Aww shucks and then my family relocated to Cali and all I could think of was seeing Paul again. When the invite came to spend the day (and night) at the Landers’ house I was ecstatic… but a little weirded out (who does that?). I saw Paul waiting outside as we pulled up, as soon as the car stopped rolling I jumped out and we ran into each other’s arms,  It was like a movie, lol. We made ourselves scarce and spent the entire day just catching up and kissing. At bedtime I retreated to his room and he to the couch downstairs. Everything was very innocent. Laying in his bed our letters came to life… I was in his world now.  The ceiling was like a night sky filled with stars and glowing planes hanging from stings. I was felt closer to him then ever, and as I drifted off to sleep feeling warm, safe... and loved.

BUT IN THE MORNING… the Mothers summonsed us to the kitchen for a little chat. Thinking that was odd, holding hands we shrugged it off and entered the room. Mrs. Landers began by saying, “At first I thought this was Puppy-love but now that I see you together, I realize it’s  much more than that.” (I wonder if she knew that we had our future together already planned out?) “I don’t know if I can have this… He’s my baby boy and he has plans to become an Aeronautical Engineer like his father.” And my mother just nodded. I can’t remember the sequence now but afterward we ran off to spend the last remaining hours together before I had to leave. In the following weeks the letters began to trickle in, and I just  knew something was wrong.  And then he called: “It’s not you, it’s me …” he said, and my world came crashing down. I cried for weeks. And then I remembered the intervention and his mother words, “I don’t think I can have this…” After a brief depression I fell in love with Kip McGee. But the gaping hole remained …

It wasn’t until 15 years later that Paul, and I met and had a very vulnerable talk. He listened very patiently, I forgave him and received closure that day. But my secret hopes crashed and burned when his mom invited another girl to the same holiday dinner, he invited me to. He always denied his mom’s involvement in the demise of our relationship… but I felt like this was proof. So, we both went on with our lives. He DID become a rocket scientist, and later married a beautiful German girl and had 3 kids. They’re teenagers today… mine are grown (chuckle chuckle.)
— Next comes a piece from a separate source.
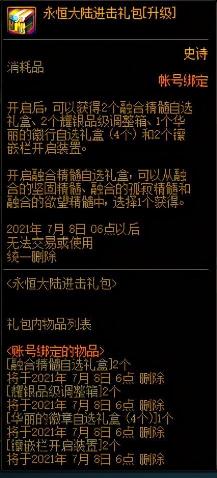 再加上商城上架的永恒大陆进击礼包,可以大大缩短制作功能性史诗装备的周期。88点券的永恒大陆进击礼包[装备],可以直接获得8件自选传说装备,1888点券的永恒大陆进击礼包[升级],可以购买四次,一共可以获得8个升级传说装备的精髓,还有耀银品级调整箱、华丽的徽章自选礼盒、镶嵌栏开启装置等道具。
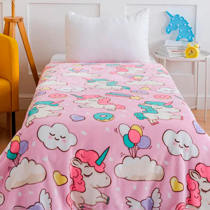 Плед Павлинка Единороги 150х200см, розовый, аэрософт, 190г/м, пэ100%

Revisiting Lil Anji (and the PUPPY LOVE situation) I learned… 1) Sometimes God doesn’t answer your prayers the way you want Him to but there is always a good reason why. 2) Perfection is sometimes only skin deep. I thought having 2 parents was better than the life I had. But when I saw how mean/harsh Poppa Landers was to Paul and how controlling his Momma was… I realized every family has dysfunction (but even with brokenness, ya don’t have to treat people like crap!) AND 3) You’ll never be “good enough” for some people no matter how hard you try. Don’t take on their “monkies.” And don’t let their opinions shape who you are. God’s love compels me (each of us) to address our own “monkies,” to FORGIVE, RELEASE and move on. (I AM who i am by the grace of God!)

In closing let me say this about Paul, I am so very proud of him and I am very happy that he’s happy (#friendsforever).